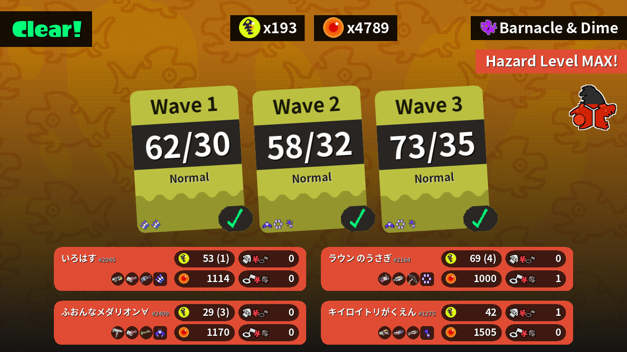 | Weapons | Splattershot Nova Heavy Splatling H-3 Nozzlenose | .52 Gal Grizzco Brella Undercover Brella | Grizzco Blaster Splattershot Pro Grizzco Charger | Dynamo Roller Heavy Splatling Bamboozler 14 Mk I |
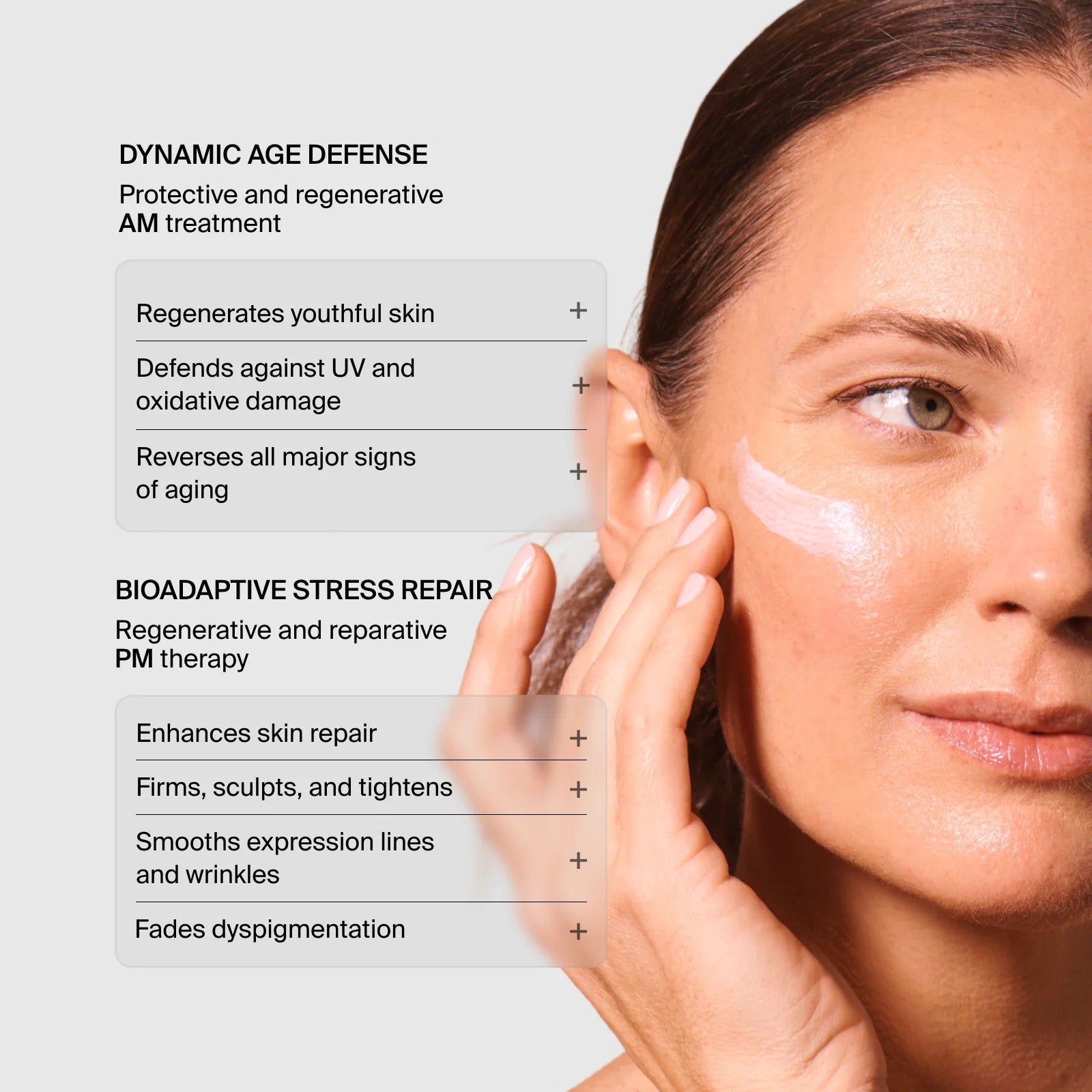 • Dynamic Age Defense Refill—protective + regenerative AM therapeutic treatment.
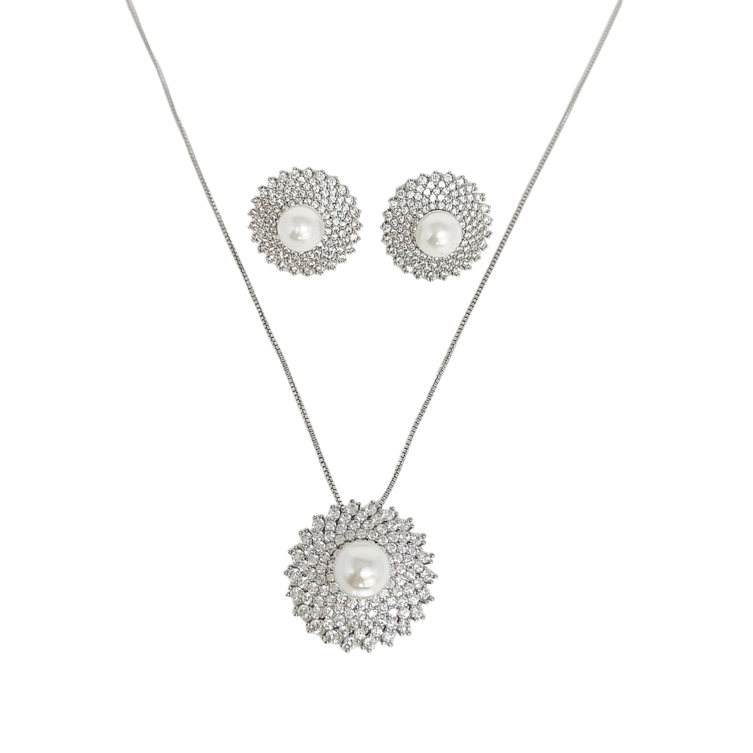 Conjunto colar e brincos em banho de ródio branco cravejado de zircônias com pérola shell
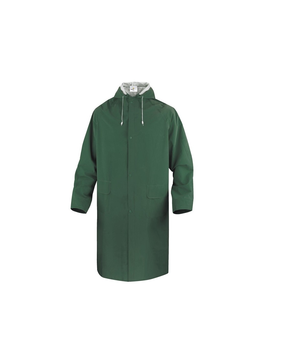Chubasquero para lluvia, tejido 100% poliéster doble impregnación PVC, costuras termoselladas, capucha fija, puños elásticos, ventilación espalda y 2 bolsillos. Certificación EN343/EN ISO 13688.
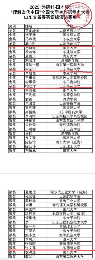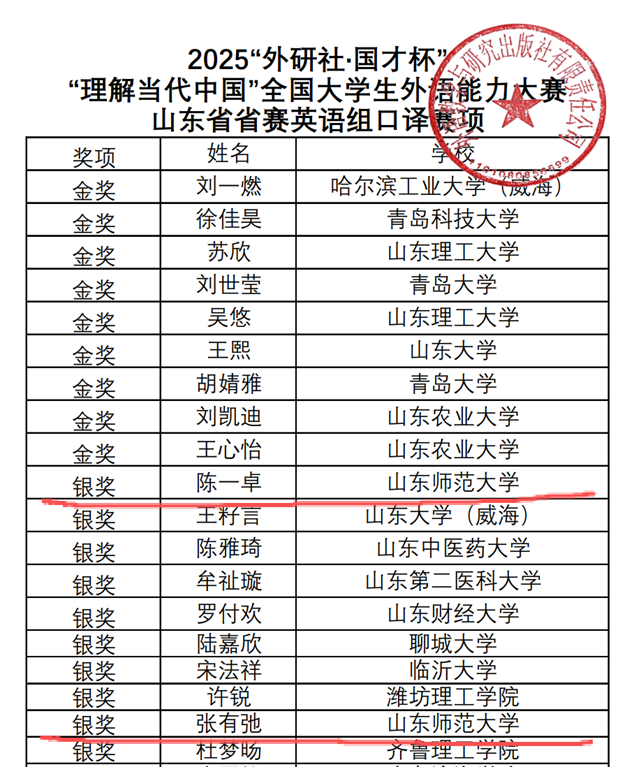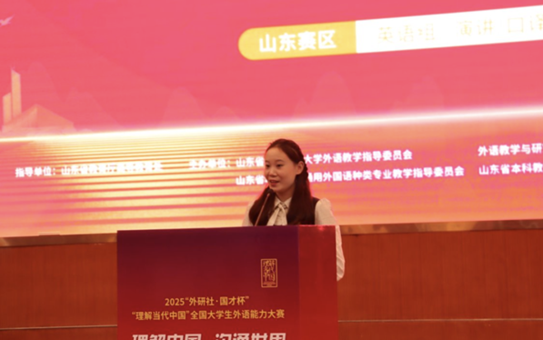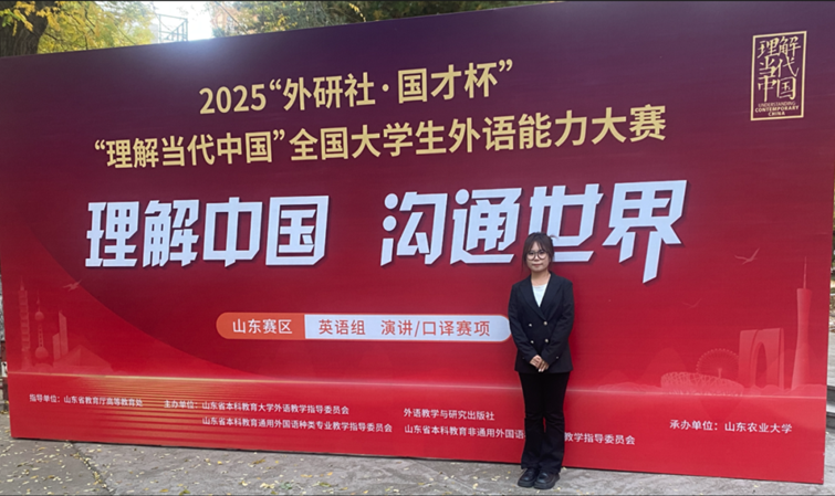 2025年11月1日-2日,2025“外研社·国才杯”“理解当代中国”全国大学生外语能力大赛山东赛区演讲赛项和口译赛项在山东农业大学落下帷幕。我校参赛选手凭借扎实的语言功底和过硬的知识素养,在激烈的竞争中再创佳绩:在英语演讲赛项获金奖三项、银奖一项,三名选手晋级国赛,在省属高校名列前茅;在英语口译赛项获银奖两项,取得突破性佳绩。
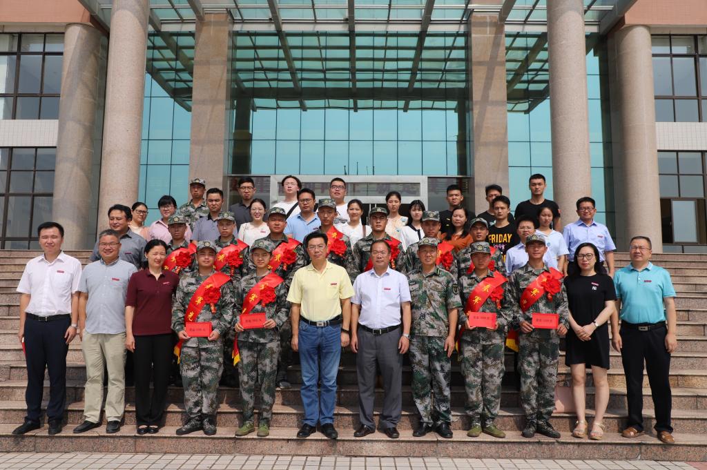 9月8日上午,我校2019年大学生参军入伍欢送会在黄金校区召开。学校党委副书记曾泽鑫,党委委员、副校长叶军明出席会议,武装部、宣传部、学工处、团委等部门领导、各二级学院负责人、12名参军入伍新兵及班主任、在校生代表参加欢送会。
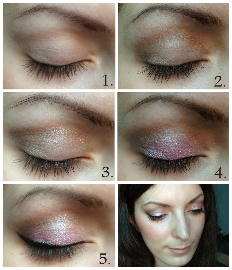 1. lépés: a szemhéjamat lealapoztam, majd a Lovely palettájából balról a 4. matt színt felvittem a teljes szemhéjamra. Ezt a színt ecsettel és kézzel is nyugodtan felvihetitek.
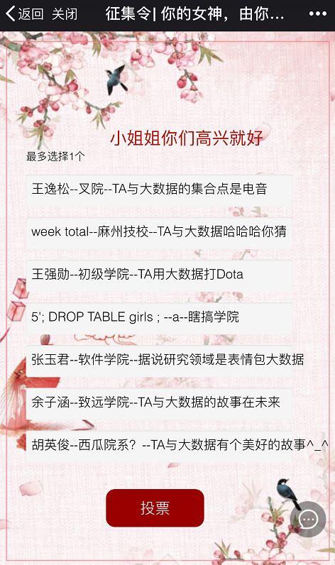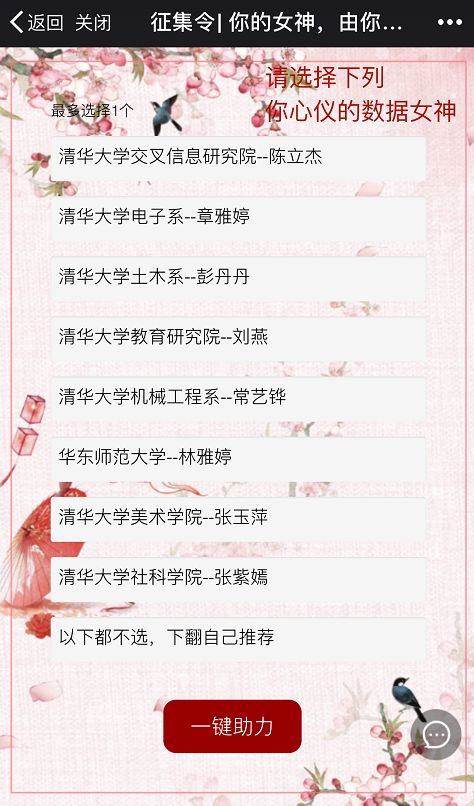在刚刚过去的3月7日女生节,清华学大数据的男生们发起了一个数据女神评选活动,希望在大家的参与下评选出数据女神,送上女生节的礼物。

---*---

### TO DO
With the pictures omitted, print precisely the lines from the one with "Conjunto colar e" to the final line of the records, both included.

### TASK RESULT
 Conjunto colar e brincos em banho de ródio branco cravejado de zircônias com pérola shell
Chubasquero para lluvia, tejido 100% poliéster doble impregnación PVC, costuras termoselladas, capucha fija, puños elásticos, ventilación espalda y 2 bolsillos. Certificación EN343/EN ISO 13688.
 2025年11月1日-2日,2025“外研社·国才杯”“理解当代中国”全国大学生外语能力大赛山东赛区演讲赛项和口译赛项在山东农业大学落下帷幕。我校参赛选手凭借扎实的语言功底和过硬的知识素养,在激烈的竞争中再创佳绩:在英语演讲赛项获金奖三项、银奖一项,三名选手晋级国赛,在省属高校名列前茅;在英语口译赛项获银奖两项,取得突破性佳绩。
 9月8日上午,我校2019年大学生参军入伍欢送会在黄金校区召开。学校党委副书记曾泽鑫,党委委员、副校长叶军明出席会议,武装部、宣传部、学工处、团委等部门领导、各二级学院负责人、12名参军入伍新兵及班主任、在校生代表参加欢送会。
 1. lépés: a szemhéjamat lealapoztam, majd a Lovely palettájából balról a 4. matt színt felvittem a teljes szemhéjamra. Ezt a színt ecsettel és kézzel is nyugodtan felvihetitek.
在刚刚过去的3月7日女生节,清华学大数据的男生们发起了一个数据女神评选活动,希望在大家的参与下评选出数据女神,送上女生节的礼物。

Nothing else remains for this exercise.